Dr. Williams Interview

Alejandra Lara – Interview

Sex tourism in Bahia, by Erica Williams covers the nexus among racism, commodification, and eroticization. Dr. Williams, became involved with sex workers in Brazil in an attempt to conduct research about sex tourism in the area. The book wanted to provide us with the different perceptions, different actors in the business had. Despite being an interesting topic, the book offered a narrow and very simply insight into this business.

By focusing in chapter four, Dr. Williams interviewed a “young white heterosexual male sex tourist from New York City.” (4) The American argued that sex in Brazil was something he wanted to experience due to the idea of it, the idea of Brazilian women, and how “easy” it was to obtain sex because of his race.

The author failed to give much of her personal opinion when interviewing these people. In class, she mentioned how she did not agreed with the American. Even though she failed to mention this in the book, she didn’t expand as to why she did in class either. It is clear that the level of poverty and lack of education and opportunity in Brazil has had an impact in the willingness of these women to engage in this business. It is by no means an effect of the white race being superior to theirs. If Dr. Williams explained where the “easiness” perceived by the American, came from it would give the book and her speech an overall purpose and frankly, it would have made it more interesting. Without it, even though she also disagrees, we focus on how wrong these statements are rather than what she’s trying to accomplish, to show the strong role race carries.

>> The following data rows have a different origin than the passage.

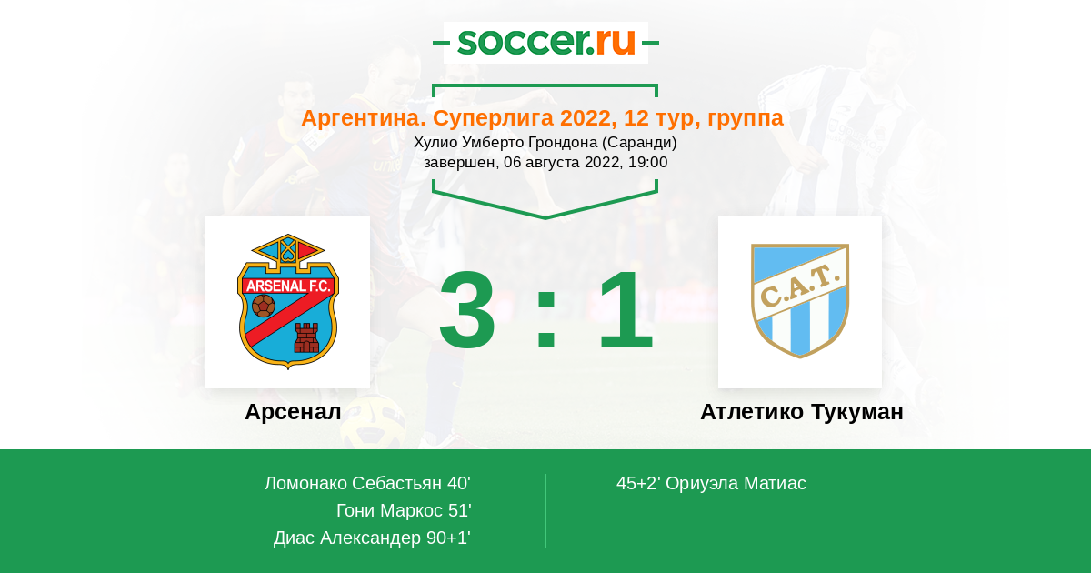 Протокол матча Арсенал против Атлетико Тукуман
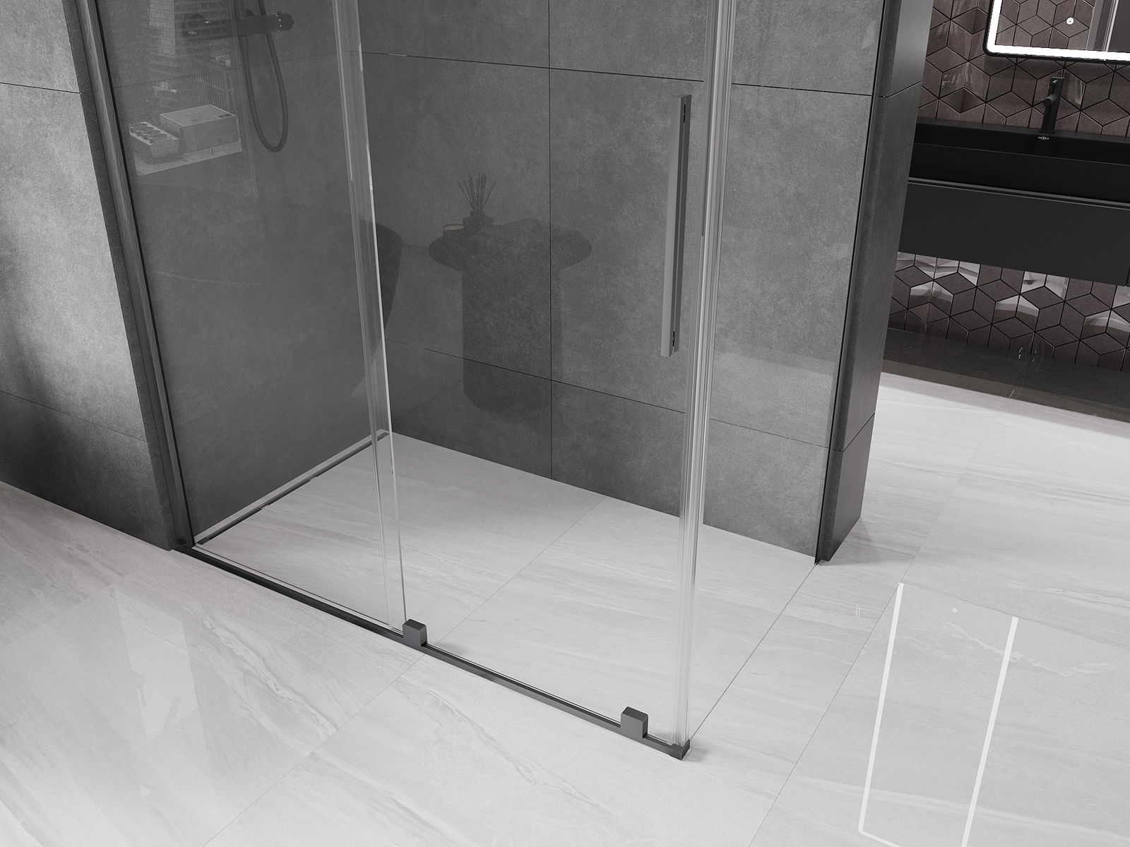 Mexen Velar zuhanykabin tolóajtóval 160 x 90 cm, átlátszó, szálcsiszolt fegyverszürke - 871-160-090-01-66
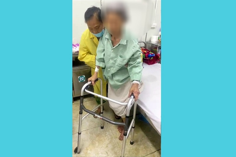 Cụ N.T. H 96 tuổi tập đi tuần đầu sau mổ.
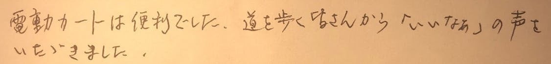 モニター様は「操作も簡単で、足の不自由な人には、本当に助かります。乗り心地も快適でした。」とご満足いただけたご様子でした。ご協力ありがとうございました。
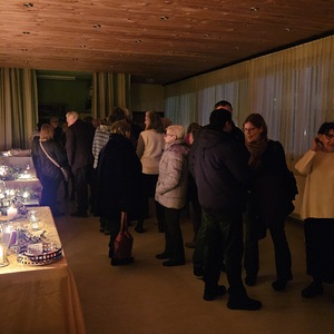 Im Kommunikationsraum hatte die Pfarre auch Getränke und kleine Speisen vorbereitet. Es gab süßen Strietzl, zweierlei Brot, sowie Tee, Orangensaft, Apfelsaft, Mineralwasser und Sekt. Auch das fand guten Zuspruch und den Dank der Besucher.
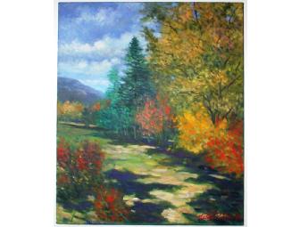 Original oil on canvas painted in 1995 by Nathan P. Hall titled “Autumn Path," a depiction of Acadia National Park located on Mount Desert Island, Maine. It measures 18” x 24”.
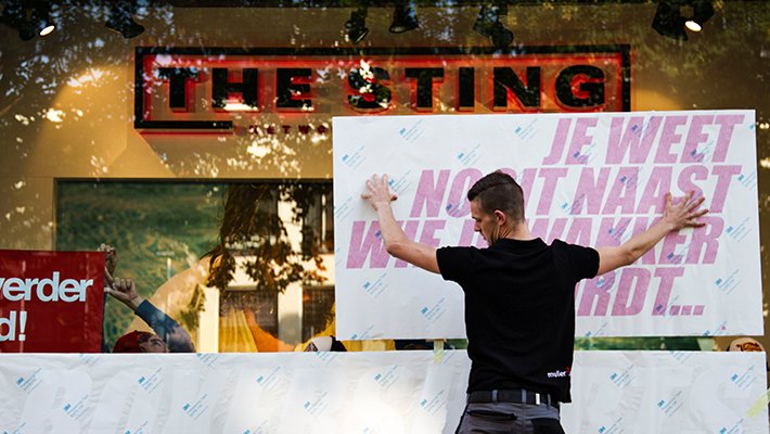 Voor The Sting Nederland produceerde M2 Printing 375 kartonnen visuals. De verschillende displays werden per winkel verpakt en zijn eenvoudig door het winkelpersoneel op te zetten.
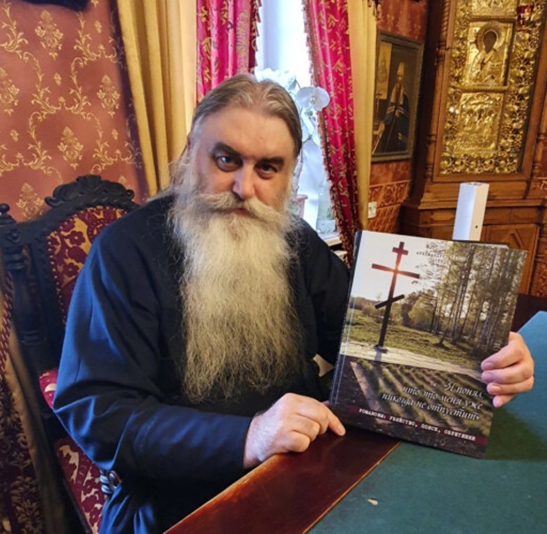 PHOTO: Archimandrite Tikhon (Zatekin) holding a copy of his new book ‘Романовы: убийство, поиск, обретение’ [Romanovs: murder, search, acquisition].
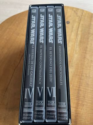 Trilogía original de Star Wars en formato DVD incluyendo las películas IV, V y VI, y un DVD adicional con contenidos adicionales. Masterizadas digitalmente THX para una calidad superior de imagen y sonido. - Star Wars: Episodio IV - Una Nueva Esperanza - Star Wars: Episodio V - El Imperio Contraataca - Star Wars: Episodio VI - El Retorno del Jedi - Contenido adicional incluido
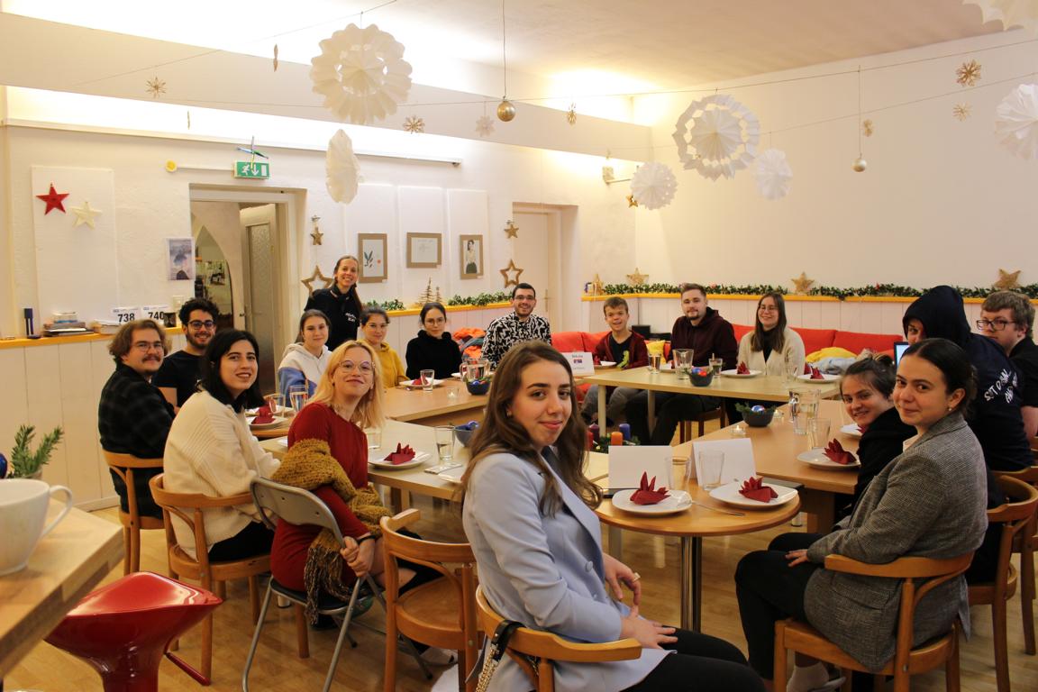 Am 09.12 fand nach zwei Jahren Corona-Zwangspause endlich wieder unsere altbekannte kulinarische Begegnung vor Ort im Jugendzentrum statt. Dieses Mal waren die Länder Serbien, Spanien und Moldau vertreten. Das Motto war wie immer zu dieser Zeit „Weihnachten wo anders“. Wir starteten mit einem leckeren serbischen Mayonnaisesalat zur Vorspeise. Als Hauptgang bekamen wir eine spanisch-marokkanische Kichererbsensuppe mit Nudeln. Das Dessert bestand aus moldauischen Obst- und Nusskuchen (nach Omas Rezept) und aus spanischen Keksen. Vor jeder Speise gab es eine Präsentation zu den Weihnachtstraditionen des jeweiligen Landes. Viele Leute aus vielen verschiedenen Ländern, aktuelle Jugendzentrumsbesucher:innen und Freunde des Gewölbes genossen einen wunderbaren Abend und ließen den Zauber der Kulinarischen Begegnung wirken und hochleben.

Nevertheless, it was interesting how she shared her personal story. It highlighted the overview of the prevalence of race in Brazil. Some men approached her simply because of her race, they assumed she was a prostitute. This story helped us understand how important race is and how it is preventing social mobilization as certain races are depicted in inferior ways in society.

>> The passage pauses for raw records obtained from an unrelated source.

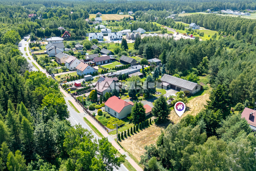 Na filmie z drona przedstawiona jest nieruchomość przed podziałem. Aktualnie wydzielone są dwie działki o powierzchniach 1322 m2 oraz 1031 m2.
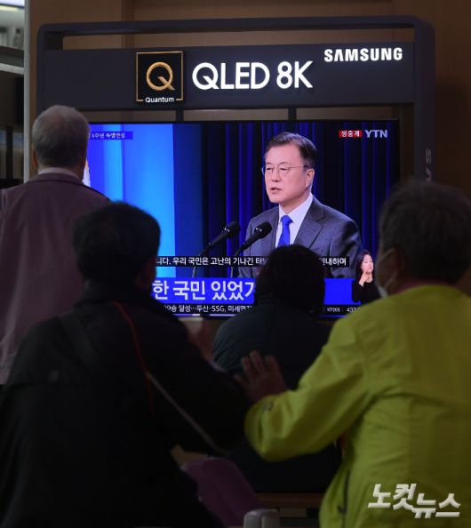 10일 서울역 대합실에서 시민들이 문재인 대통령 취임 4주년 특별연설을 시청하고 있다. 이한형 기자 |
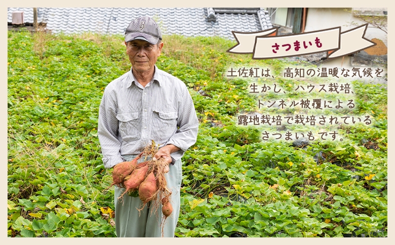 土佐紅は、高知の温暖な気候を生かし、ハウス栽培の他、トンネル被覆による露地栽培で栽培されているサツマイモです。
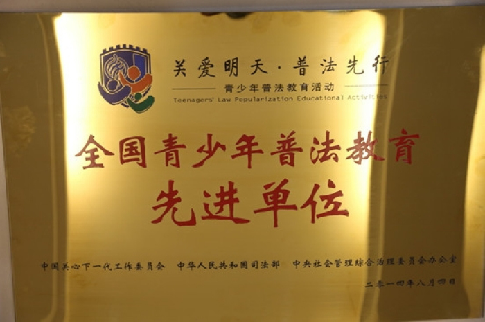 在第二届“关爱明天·普法先行”全国青少年普法教育活动中,我校因普法工作成效明显,被中国关心下一代工作委员会、国家司法部和中央社会治安综合治理委员会办公室联合授予“全国青少年普法教育先进单位”荣誉称号。 “关爱明天、普法先行”是由中国关工委、司法部和中央综治办联合开展的一项青少年普法教育活动,旨在加强青少年法律启蒙和法律常识教育,增强大中专学生的法制观念。 我校以举办第二届“关爱明天、普法先行”全国青少年普法教育活动徐州市启动仪式为契机,不断加强学校的法制宣传教育工作,拓展教育方式,多渠道开展普法宣传,积极营造有利于学生身心健康成长的安全、文明、法制的校园及周边环境;开展模拟法庭、“法制进校园”等各种活动,强化青少年普法效果,形成了适合我校特点的多元化、立体化、网络化的法制教育体系,实现了法制教育工作的制度化、规范化;使我校法制教育能持之以恒并卓有成效地开展,使学校学生法制观念得到进一步提高。 文/图 邹明
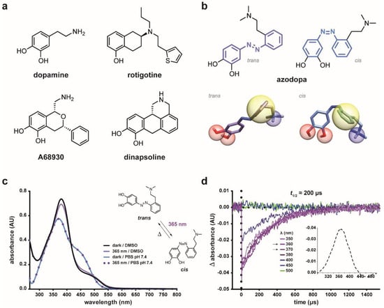 In the quest for a freely diffusible drug-like dopaminergic photoswitch, we noticed that most agonists (especially to D1 receptors, see Figure 1a) are rigid or semi-rigid, conformationally restrained structures in which essential pharmacophoric features are held in their mutual position []. Indeed, two main routes can be identified in the early development of dopamine agonists, namely, the rigidification of the dopamine molecule and the dissection of apomorphine, one of the first potent dopamine agonists to be found []. Dopamine rigidification led to the discovery of potent agonists, whereas the apomorphine de-rigidification generally reduced its efficacy [,]. It stands then to reason that governing the geometry of such structures would enable the control of their biological effects. This could be achieved by “building” upon a semi-rigid and photoisomerizable molecular frame the structural elements required for DAR activation and using light as external control signal. This approach can be likened to a “photoswitch decoration”, in which pharmacophore groups are introduced into the structure of a molecular photoswitch to design a light-controlled bioactive compound. Common features in the dopamine agonist pharmacophore model are the following: (I) a cationic site point (an amino group) that forms a salt bridge with an aspartic acid residue in the receptor’s third transmembrane helix (TM3); (II) one or two hydrogen bond acceptor/donor sites (e.g., hydroxy groups), that interact with serine residues in TM5; and (III) an aromatic ring system that takes part in π–π interactions with hydrophobic residues in TM6 [,,]. On these grounds, we devised a photoswitchable dopamine agonist by decorating an azobenzene molecule with two hydroxyl substituents (II) on one phenyl ring, and an amino group (I) connected through a short linker to the other phenyl ring (III) (Figure 1b). This molecule, that we named azodopa, carries the main DAR binding determinants and enables to change their relative position upon photoisomerization (Figure 1b). Azodopa was synthesized in two steps via an azo-coupling reaction between commercially available 2-(2-(dimethylamino)ethyl)aniline and 1,2-dihydroxybenzene (see supplementary Scheme S1 and Supplementary Materials, SM, for detailed synthetic procedures and physicochemical characterization).

I wish she had shared more stories or simply her personal opinion of prostitution in Brazil. It would have helped us understand why prostitution was the way it was. In such a sensitive and profitable business, it would have helped to have an overview of the causes of it. Most importantly, touching on how these different perspectives from either prostitutes or customers impacted the continuation of it, would have helped.

In conclusion, her book just laid out interviews, it failed to provide the issues the industry caused or some sort of conclusions. For example, I wish she touched on the implication it has in tourism overall, is it all postive? On the other hand, her presentation lacked her personal insight of the business and the implication of these interviews. I wish she would have been more open. Further, by giving an overview of Brazil’s society and economy and how these have fostered the growth of the prostitution empire, it would have helped us understand why race and perceptions have the connotations they have.